The Spring and Autumn Annals of the Sixteen Kingdoms, also known by its Chinese title Shiliuguo Chunqiu () is a Chinese biographical historical work of the Sixteen Kingdoms compiled by the Northern Wei official Cui Hong between 501 and 522. It became one of the chief sources for the compilation of the Book of Wei and Book of Jin.

Parts of the book went missing from the early Tang dynasty and did not survive intact. It originally contained 100 volumes, a preface and a chronological table. By the time of the early Song dynasty, many of them were lost and only about 20 volumes remained, which were quoted extensively by Sima Guang. There are two extant versions dating from the late Ming dynasty, the edition by Tu Qiaosun containing 100 volumes, and the one by He Tang containing 16 volumes, reprinted in the Hanwei Congshu, a compilation of histories.
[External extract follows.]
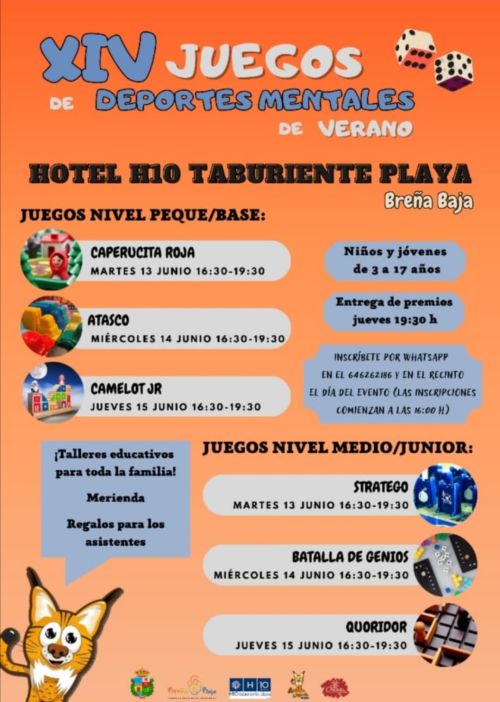 Del 13 al 15 de junio en el Hotel H10 Taburiente Playa de Los Cancajos se celebran los XIV Juegos Infantiles de Deportes Mentales de Verano. Cuentan con la colaboración del Ayuntamiento de Breña Baja y el Hotel H10 Taburiente Playa, además de recibir la colaboración de varias entidades comerciales.

Tu's edition was published for the third time in 1781. Also there is a 100 volumes edition together with a chronological table from the mid-Qing dynasty by Tang Qiu, taken from the edition by He Tang and from other materials.

References

  Zhou, Yiliang, "Shiliuguo Chunqiu" ("Spring and Autumn Annals of the Sixteen Kingdoms"). Encyclopedia of China, 1st ed.
  Chen, Changqi and Zhou, Qun. Shiliuguo Chunqiu Sanyi Kaolue (Studies on the Scatter and Disappearance of "Shiliuguo Chunqiu) Academic Research, 2005, No.7, p. 95-100.
  Franke, Otto, Geschichte des chinesischen Reiches. Eine Darstellung seiner Entstehung, seines Wesens und seiner Entwicklung bis zur neuesten Zeit, Berlin (Walter de Gruyter) 2001 (History of the Chinese realm. A representation of its emergence, its nature and its development up to the most recent time), Volume 3 Anmerkungen, Ergänzungen und Berichtigungen zu Band 1 und 2 Sach- und Namenverzeichnis (Remarks, Additions and Errata for volumes 1 and 2, indices on subjects and names), p. 224. .

Chinese history texts
6th-century history books
Sixteen Kingdoms
Historiography of China
History books about the Jin dynasty (266–420)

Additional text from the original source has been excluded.